When he came to his senses, he was still lying out on the grass behind the house, and the muezzin was calling morning prayers through the loudspeakers from the mosque. It was still dark. He felt stiff all over. “I’ve got a plane to catch to Bali,” was his first thought. He groaned to his feet and looked around. The house looked like it was still all there. A few roof tiles had shaken loose and fallen to the ground. He walked to the screen door and stepped through it. The image of the snake entering the house came to him and he stepped gingerly until he found a light switch. Inside, there was a bit more damage. Pieces of plaster had fallen from the ceiling. Broken glass from vases that had been knocked off coffee tables. Still, the situation didn’t look as bad as he had thought it would be, given the size of the quake.
He bent down over the bag where he had stashed the kris. There was a big gash in the leather, and the latch appeared to have been broken open, though he couldn’t remember having locked it. He opened it and pushed aside the clothes and towels. The scabbard was still there, but the knife was gone. Crouching beside the bag, he looked up at the bed. From this angle, he could see the silhouette of the finely carved handle of the kris. It was pushed in up to the hilt at about the spot where his shoulder would have been had he not suddenly put his head down. What had first awakened him? He recalled a loud rattling sound, like sabre rattling, or maybe it was just the falling plaster from the earthquake which had awakened him. He stood up, tightened his sarong, and slipped on his sandals. Then he leaned over the bed and very carefully pulled up on the knife. It had been rammed in with great force, and he had to strain with all his strength before it finally pulled free.

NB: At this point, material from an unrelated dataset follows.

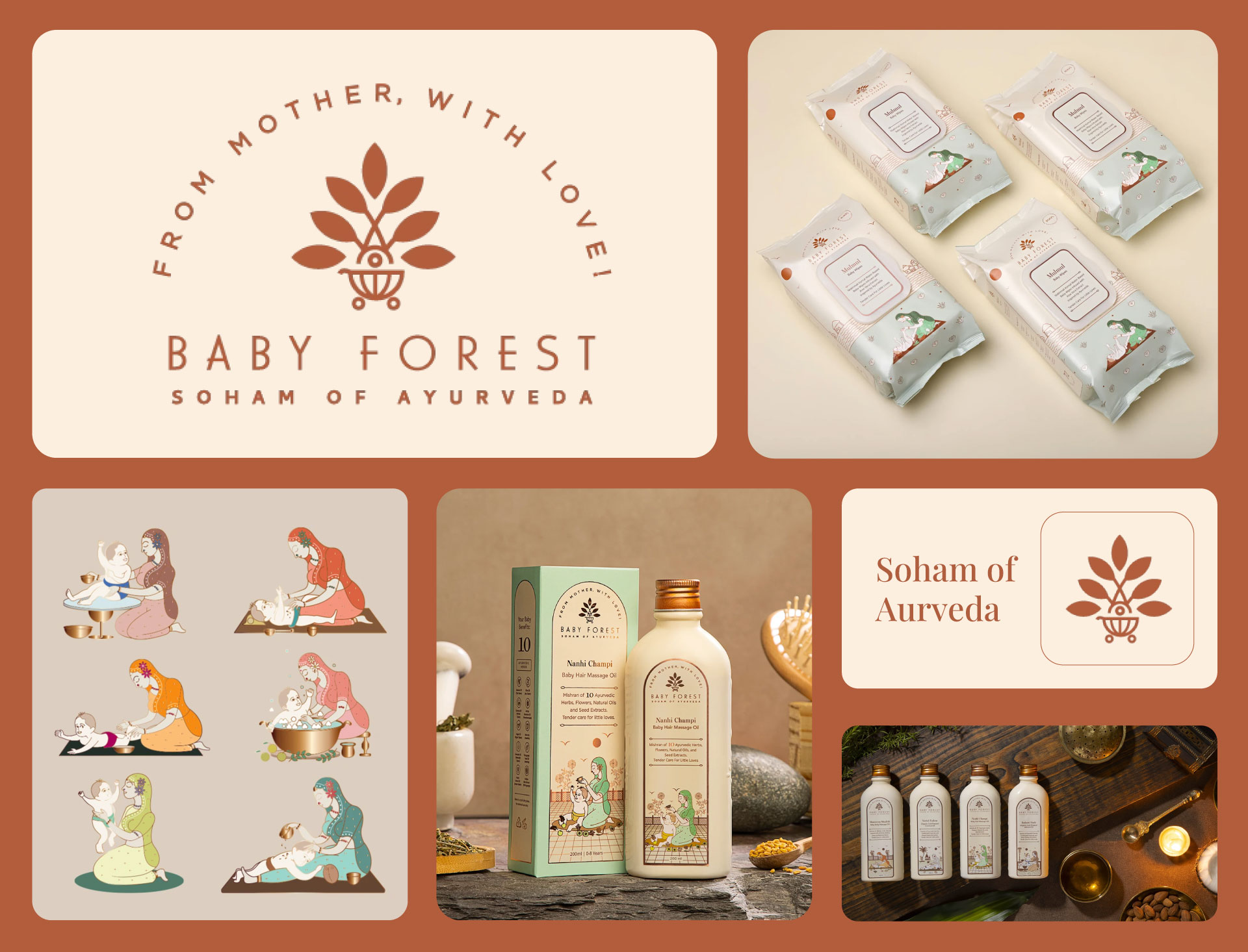 Baby Forest, a premium Ayurvedic baby-care brand — we developed the brand logo and crafted its positioning concept rooted in purity, tradition, and gentle care.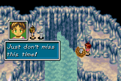 Early in the game, when you enter the location from the overworld, climb down the ladder and head a short ways up until a cutscene with two boys trigger. Riki is unable to use the coiled rope to get to Tavi's position, so he scampers off into a cave doorway to the right. Follow him to a dead-end if you want, but the point is to use the Lash Psynergy on the coiled rope to help the boys out. This can only be done after completing the first proper dungeon of the game, Kandorean Temple, and helping the boys out and watching the subsequent cutscene will cause the town of Daila to update and allow you to explore more of the dungeon in search of the prize the kids were looking for in the first place: A Jupiter Djinni. Climb the newly tied rope and enter the cave doorway to the left.

He held it by the handle, and laid the blade across his left hand. The blade felt hot, and his hands were sweating. He fondled the snake and the damascene like a small pet in his hands. Carefully, he slipped the knife back into its sheath, laid it on the bed, and stared at it. Then, as if in a trance, he took the kris and with a small trowel dug a hole next to the mango tree, where he buried it.
It was a moment before he realized that someone was rattling at the gate.
“Pak Ab! Dr. Ab! Everything okay?” It was Tina, the housekeeper, and Budi, the night watchman. They must have come by and seen his car out front.
Yes, everything was fine, but the house needed a bit of cleaning up, and he needed a quick breakfast before catching the plane to Bali.
“To Bali?”
“Yes. I think I need a little vacation.”